Try it: Below, find the line containing "시행하는 환경교육 프로그램이다." and the line containing "Für die Fotos"; reproduce exactly those two and every line between them, omitting pictures.

Data:
-------
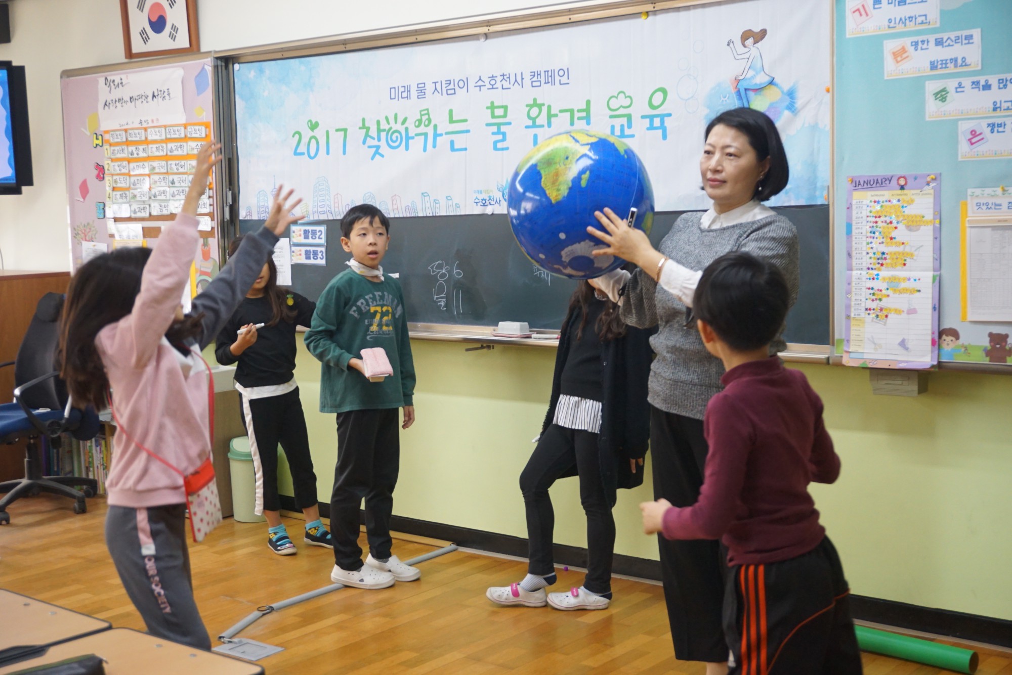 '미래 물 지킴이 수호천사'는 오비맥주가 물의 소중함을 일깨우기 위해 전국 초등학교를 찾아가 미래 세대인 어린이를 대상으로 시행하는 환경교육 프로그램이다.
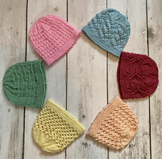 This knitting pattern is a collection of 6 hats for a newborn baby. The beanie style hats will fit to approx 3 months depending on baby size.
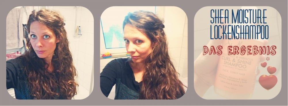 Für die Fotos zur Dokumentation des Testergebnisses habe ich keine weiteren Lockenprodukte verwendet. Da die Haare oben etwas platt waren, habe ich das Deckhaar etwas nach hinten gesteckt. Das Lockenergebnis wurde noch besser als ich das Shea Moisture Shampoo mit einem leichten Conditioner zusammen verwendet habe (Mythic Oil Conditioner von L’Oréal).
-------
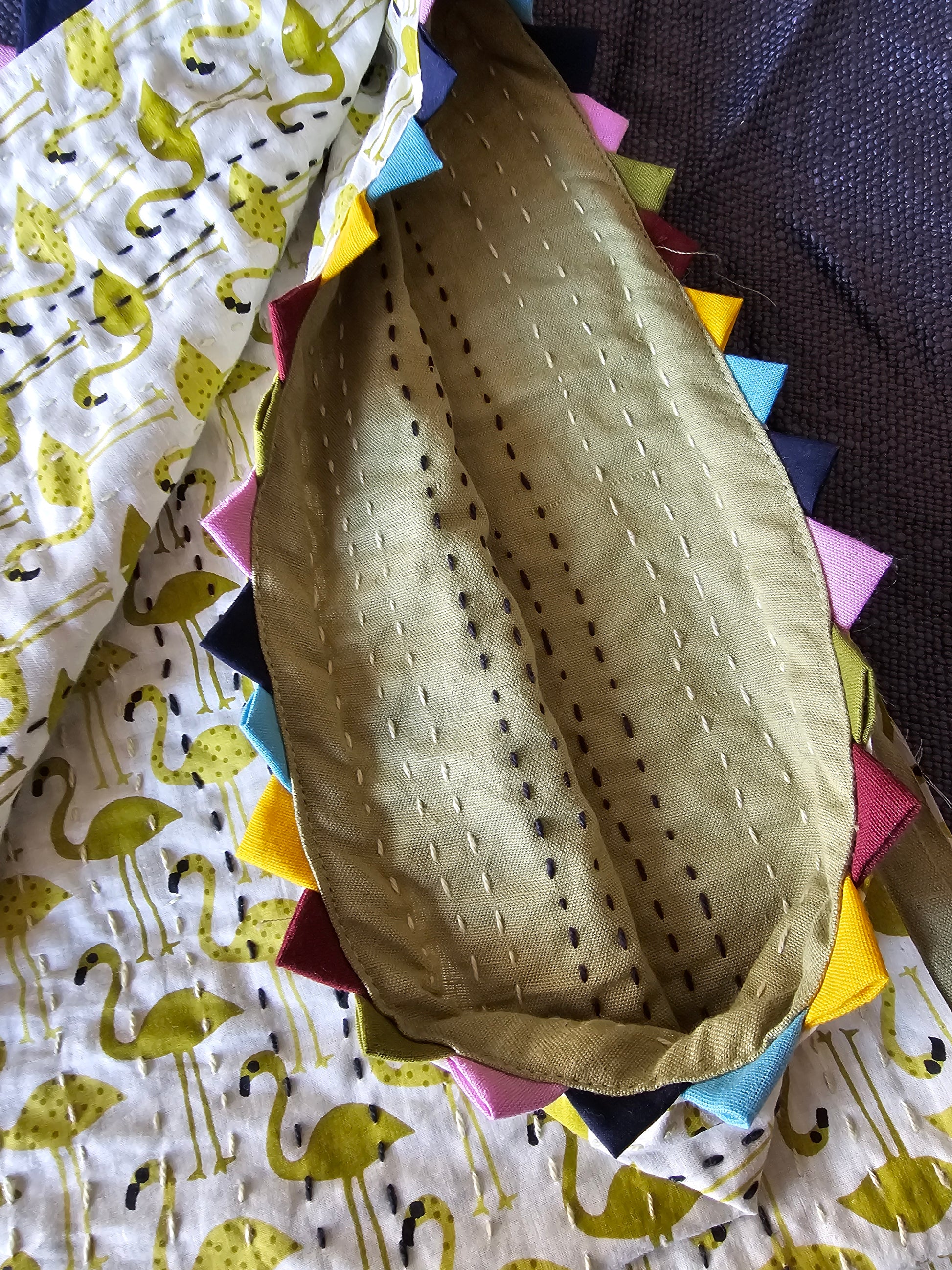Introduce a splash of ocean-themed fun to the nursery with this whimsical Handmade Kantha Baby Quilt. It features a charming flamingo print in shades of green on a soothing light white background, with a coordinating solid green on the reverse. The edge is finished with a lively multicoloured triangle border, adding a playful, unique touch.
-------
Completed task:
 '미래 물 지킴이 수호천사'는 오비맥주가 물의 소중함을 일깨우기 위해 전국 초등학교를 찾아가 미래 세대인 어린이를 대상으로 시행하는 환경교육 프로그램이다.
 This knitting pattern is a collection of 6 hats for a newborn baby. The beanie style hats will fit to approx 3 months depending on baby size.
 Für die Fotos zur Dokumentation des Testergebnisses habe ich keine weiteren Lockenprodukte verwendet. Da die Haare oben etwas platt waren, habe ich das Deckhaar etwas nach hinten gesteckt. Das Lockenergebnis wurde noch besser als ich das Shea Moisture Shampoo mit einem leichten Conditioner zusammen verwendet habe (Mythic Oil Conditioner von L’Oréal).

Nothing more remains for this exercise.